The cross was the end, the death of the Son of God, curse and judgement on all flesh. If the cross had been the last word about Jesus, then the world would be lost in death and damnation without hope; then the world would have triumphed over God.

But God … raised Christ from the dead … The resurrection is the day of the begetting of the Son of God (Acts 13:33; Rom. 1:4). The Son receives back his eternal divine glory; the Father has the Son again.

The resurrection of Jesus Christ is God’s Yes to us. Christ died for our sins; he was raised for our righteousness (Rom. 4:25) … If Christ had remained dead, this death sentence would still stand: “We would still be in our sins” (1 Cor. 15:17). Because, however, Christ is risen from the dead our sentence has been lifted, and we are risen with Christ (1 Cor. 15). This is the case because we are in Jesus Christ by virtue of his assumption of our human nature in the incarnation; what happens to him happens also to us, for we are assumed into him …
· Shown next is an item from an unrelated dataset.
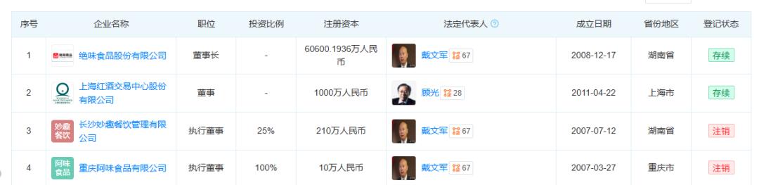 天眼查数据显示,目前,戴文军担任绝味食品股份有限公司以及上海红酒交易中心股份有限公司2家存续企业的高管。
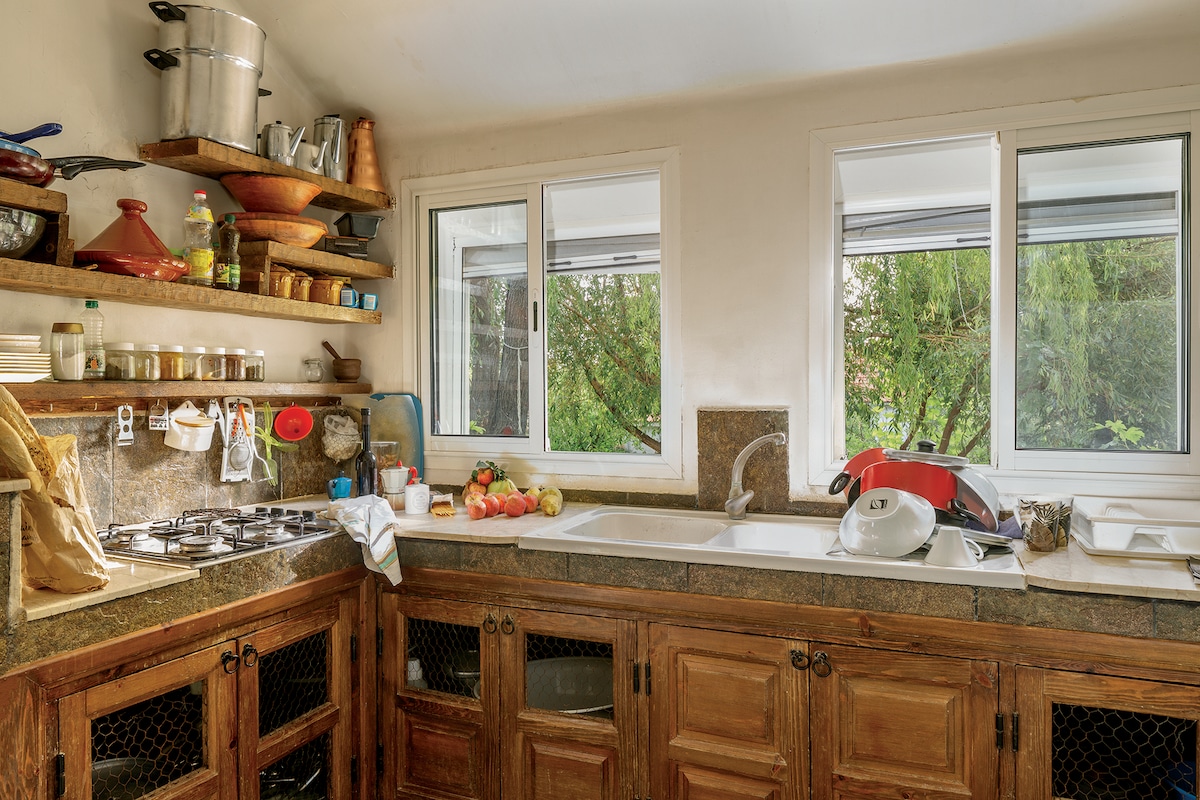 Stars Valley comes with a whole package including most importantly security, along with central heating, both an outdoor and an indoor fireplace, a large veranda, an outdoors dining area, a fully equipped kitchen (Nespresso machine, dishwasher, toaster, kettle, pop corn machine, juicer, refrigerator, cutlery and all the necessary items), 4K TV with Netflix account, wifi, and network coverage. Each of our two bedrooms has its own TV. Warm water is available 24/7.

The resurrection of Jesus Christ is God’s Yes to the creature. What takes place here is not the destruction of life in the body but its new creation. The body of Jesus comes forth from the tomb, and the tomb is empty. We are unable to grasp how it is possible and thinkable that the mortal and corruptible body is now present as the immortal, incorruptible, transfigured body … It is not a Christ-idea that lives on, but the bodily Christ. This is God’s Yes to the new creature in the midst of the old. In the resurrection we acknowledge that God has not given up on the earth but has personally won it back. God has given it a new future, a new promise. The vey earth God created bore the Son of God and his cross, and on this earth the Risen One appeared to his own, and to this earth Christ will come again on the last day. Those who affirm the resurrection of Christ in faith can no longer flee the world, nor can they still be enslaved by the world, for within the old creation they have perceived the new creation of God …  

TEXT: Hectograph, enclosed with the March 1940 monthly newsletter from the Pomeranian Council of Brethren of the Confessing Church to its pastors.
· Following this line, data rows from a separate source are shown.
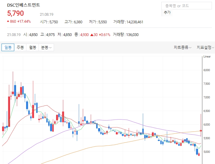 19일 한국거래소에 따르면 오전 9시 24분 기준 DSC인베스트먼트는 전일 대비 13.79%(680원) 상승한 5610원에 거래되고 있습니다. DSC인베스트먼트 시가총액은 1571억원이며, 시총순위는 코스닥 644위로 액면가는 1주당 500원입니다.
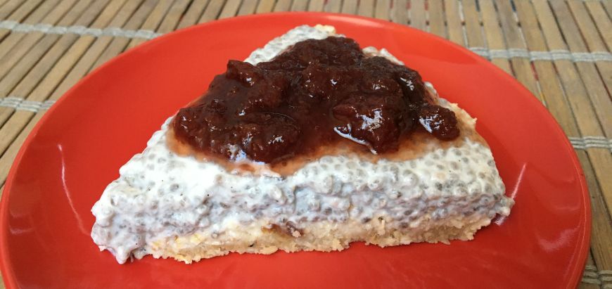 Turnati budinca de chia peste crusta, uniformizati si puneti vasul la frigider pentru 3-4 ore sau peste noapte.
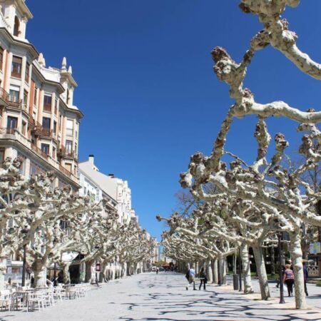 Auf der Flaniermeile, Consulado del Mar, können wir die schönen Miradores (verglaste Balkone) und die Platanenallee, deren Äste miteinander verwachsen sind, anschauen.

Dietrich Bonhoeffer Works, Volume 16, 472 ff., Fortress Press, Minneapolis 2006

TEXT & CONTEXT

Dietrich Bonhoeffer describes the resurrection as a relationship event of God in three dimensions: in his Yes to Christ, to Us and to the Creature. “For the world”, he writes at the end of his Reflection on Easter, “there remains an insoluble riddle.” „The world sees the ’signs‘, but it does not believe the miracle.“ “For faith, however, this riddle is a sign of the reality that it already knows, an imprint of God acting in history … Faith receives the certainty of the resurrection solely from the present witness of Christ. It finds its confirmation in the historical imprints of the miracle, as scripture reports them. „

 To perceive “within the old creation … the new creation of God” – what does that mean in the historical context of this text?

 Dietrich Bonhoeffer wrote it a few days before the Gestapo closed the Vicariate on March 18, 1940. Germany had started the war with the attack on Poland on September 1, 1939. In his letter to the Finkenwalder brethren of September 20, Bonhoeffer reports of the first war death of a Finkenwalder brother on September 3 as a soldier in Poland and writes: “Death has come again in the midst of us and we have to decide whether we like it or not, to think about it … If quarrel and death exercise their wild rule around us, then we are called to witness not only through words and thoughts, but also through the deed God’s love and peace.”
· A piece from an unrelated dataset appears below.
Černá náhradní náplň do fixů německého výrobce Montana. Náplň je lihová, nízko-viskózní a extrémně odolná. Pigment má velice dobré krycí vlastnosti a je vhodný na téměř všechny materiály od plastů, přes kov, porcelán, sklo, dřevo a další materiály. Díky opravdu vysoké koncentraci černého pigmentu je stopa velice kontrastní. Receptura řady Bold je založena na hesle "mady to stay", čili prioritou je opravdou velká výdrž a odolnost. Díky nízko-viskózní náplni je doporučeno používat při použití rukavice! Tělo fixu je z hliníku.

Half a year later, in the first manuscript of his ethics, Bonhoeffer unfolds his understanding of the double reality, which shapes the belief in the resurrection: “In Christ we are invited to participate in the reality of God and the reality of the world at the same time, the one not without the other. The reality of God is disclosed as it places me completely into the reality of the world. But I find the reality of the world always already born, accepted, and reconciled in the reality of God. That is the mystery of the revelation of God in the human being Jesus Christ. The Christian ethic asks then, how this reality of God and of the world, that is given in Christ becomes real in our world.” (Ethics, DBW, Volume 6, 55).

To perceive “within the old creation … the new creation of God” – what does that mean in our context of the corona crisis? Empathy and faith – facing the world – belong together. It all starts with empathy with those who are physically, mentally and in their very existence threatened by this crisis. At the same time, we need to look at signs of the new creation, because the strength of our resistance depends on our recognition and distinction: What can I leave behind – albeit in pain – and what do I want to live and stand for in future? What am I willing to do in our society and across national borders so that not only is solidarity practiced, but other people’s misery is raised as a criterion for law and justice? Believing in the threefold Yes of God, we already know that this new reality is “carried, accepted, reconciled” in Jesus Christ.

Christ, life from death,

overcome our world.

God reconciles what we separated.

So our guilt comes to an end.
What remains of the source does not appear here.